Task statement: Give back the full listing, character for character, with no pictures.

Raw data:
▶
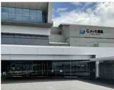
接種会場のGメッセ群馬

※8月10日時点で、県央ワクチン接種センターでは17歳以下の人は接種できません 予約方法 「ぐんまワクチン接種LINE予約システム」で予約
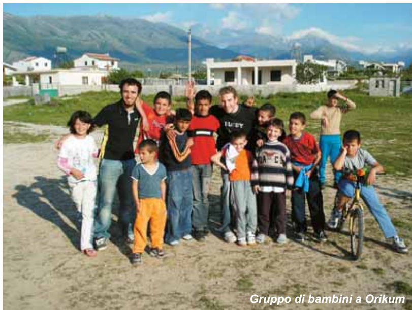
Gruppo di bambini a Orikum
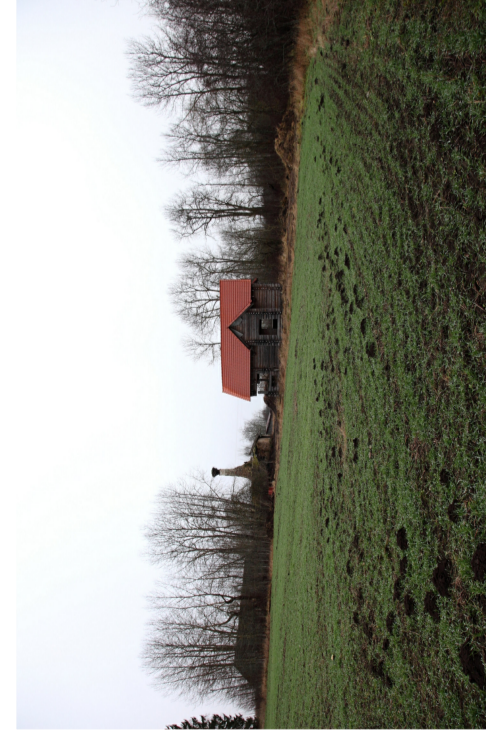
Foto 2. Vaade planeeritavale alale
◀
Response below:
接種会場のGメッセ群馬

※8月10日時点で、県央ワクチン接種センターでは17歳以下の人は接種できません 予約方法 「ぐんまワクチン接種LINE予約システム」で予約
Gruppo di bambini a Orikum
Foto 2. Vaade planeeritavale alale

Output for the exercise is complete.